Malaysia Stock Market Review for Week Ending 25-July-2008

Well, this week we had not been too correct about predicting market direction, the KLCI moved up by +36.7pts closing 1,141.75 just now. This week we had also turn bullish on the market for the first time since we had started this blog. Although many people that we spoke to did not agree with our view but we are still sticking to our opinion for the mean time. Concurrent with our change of mode, we are putting some investment in equities unit trust to set things in motion so that we have a position in equities if and when the stock market rebounds. We've chose a slightly more aggressive fund (Public Equity Fund) which focuses on KLCI blue chips and growth stocks. From our selection, one can tell that we are not entirely ultra bullish or super conservative, we neither chose a small cap fund/sector funds nor balanced funds. Our selection of stock is purely to gain exposure on the stock market with slight biasness to growth and KLCI-following.


So what went wrong with our prediction? Mainly, the easing of global oil prices. Oil prices are now trading US$135/barrel (-10%) from the high of US$150/barrel in early July 2008. Of the reason given for the easing of oil pressures were [1] higher US$ vs other major currencies, [2] expected global slow down which could soften oil demand [3] no supply disruptions as hurricane Dolly misses the refineries in the Gulf of Mexico (YouInvest feels sorry for those hit by Dolly). [4] US law-makers are setting in more requirements for crude oil futures trading to curb over-speculation.

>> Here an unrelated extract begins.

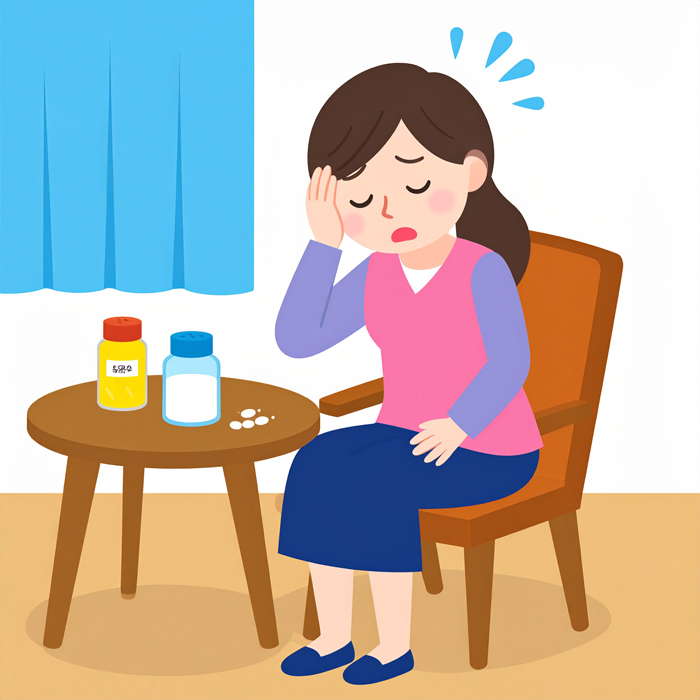- 어지럼증 — 특히 앉았다가 일어날 때 두통·현기증

On the domestic front, although corporate results weren't the brightest of all, but the re-negotiation of IPP (Independent Power Producers) on their power-purchasing agreement has put in glimpse of hope in the power producing industry. Recall that previously IPPs were required to pay wind-fall taxes beginning this month, we believe some profitability will be restored within the power sector following the changes in the new power-purchasing agreement.

Most probably when you read this article, you would have already known the outcome of Malaysian interest rate. However in our opinion, there should be NO rate hike because:



  1. The government need to do some "politically-correct measures" to ease burden on general public.

  2. Oil prices has receeded from its high by almost 12% and potentially could go down even more if US puts additional restrictions to trading activities of oil futures.

  3. Latest interest rate on mortgages have already priced in the 25-50bps increment, that is to say that the market has already priced inflation ahead of the central bank rates, hence, no point doing it.

  4. Leaving the interest rate unchanged could be the prelude for potential goodies in the up-coming Budget 2009 announcement in August.

If you read point number 1,2,4 again, that would also give you the reason why we had turn bullish this week. Fingers crossed on Budget 2009 [we are expecting a people friendly budget this time around, fingers ] :) (check out our wish list in the next posting)

Recommendations: For first time investors, we are recommending to allocate 10% of the funds into pure equities unit trust. For those who have already invested and still making losses, we would advise to average down bit by bit.

Strategy: We will be increasing our portfolio in equities if there are any dips. Any dips of -50pts and below will be a good opportunity to buy. We are still waiting for even stronger buy signals and recoveries in the political scene to invest in equities even further than present level.